By an interesting coincidence (or possibly not), 26th District Rep. Jan Angel and State Sen. Derek Kilmer have both authored op-eds on these pages in succeeding weeks. And while each correctly identifies job-creation as the top priority for the upcoming legislative session in Olympia, they offer decidedly different roadmaps for getting there.
With the exception of the need to reform unemployment insurance and worker’s compensation regulations, where both seem to agree this is neither the time nor the place to punish employers, Kilmer offers the standard Democratic remedy of spending our way of a recession, while Angel and her fellow Republicans counter that higher taxes and bureaucratic red tape can only delay — if not kill — economic recovery.
Among Kilmer’s other “job-creating” schemes are spending more on education and throwing a bone to another of the left’s cherished supporters — the environmental lobby — by backing legislation that would “stimulate our clean-energy industry by encouraging the development of renewable technologies and promoting efficiency programs.”
Angel, meanwhile, argues, “We need to stop digging ourselves deeper with more regulations and higher taxes and fees that destroy jobs.”
From where we sit, Angel’s laissez-faire outlook makes more sense because it allows the marketplace to heal itself rather than expecting politicians to do it by picking winners and losers.

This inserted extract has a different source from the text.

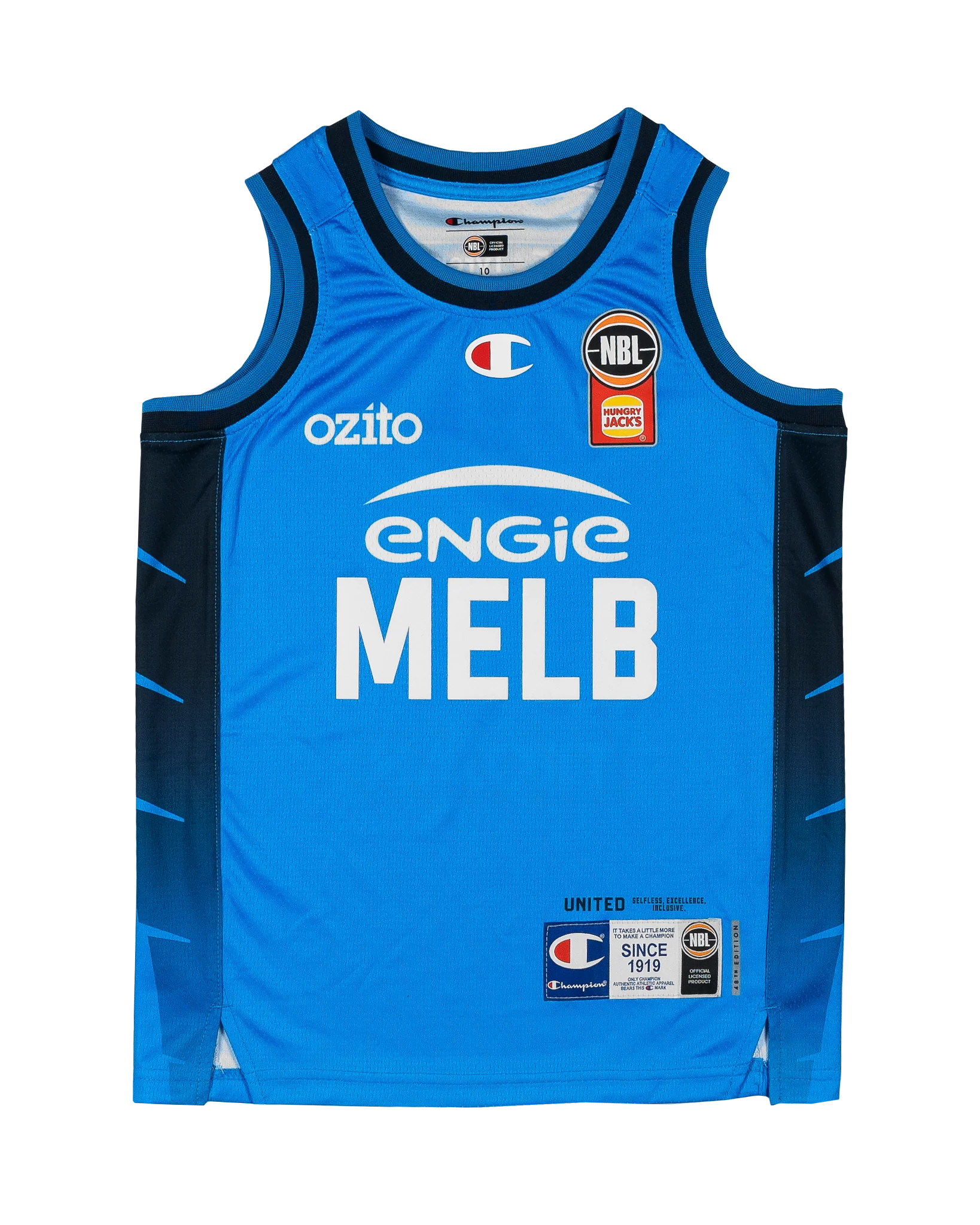 Champion brings its signature quality to the court with the Melbourne United 25/26 Youth Alternate Jersey. Designed for performance and style, this jersey is crafted with premium fabrics for superior comfort and durability. Featuring detailed team wordmarks, player name, and number in high-quality fabric appliqués and silicone Champion C and NBL logos for an authentic and top quality finish.

If Kilmer believes clean-energy companies are a sound bet, for example, let him speculate with his own money. But when it comes to taxpayer dollars, government shouldn’t be subsidizing ventures so risky they can’t secure capital in the private-sector.
Lest we forget, the economy is in the shape it’s in now because of the shotgun wedding arranged over the years between lenders and federal and state regulators. With that in mind, you can bet the quickest path to recovery is the one that involves the least government intervention, not more of the same.
Angel appears to recognize that. Kilmer doesn’t.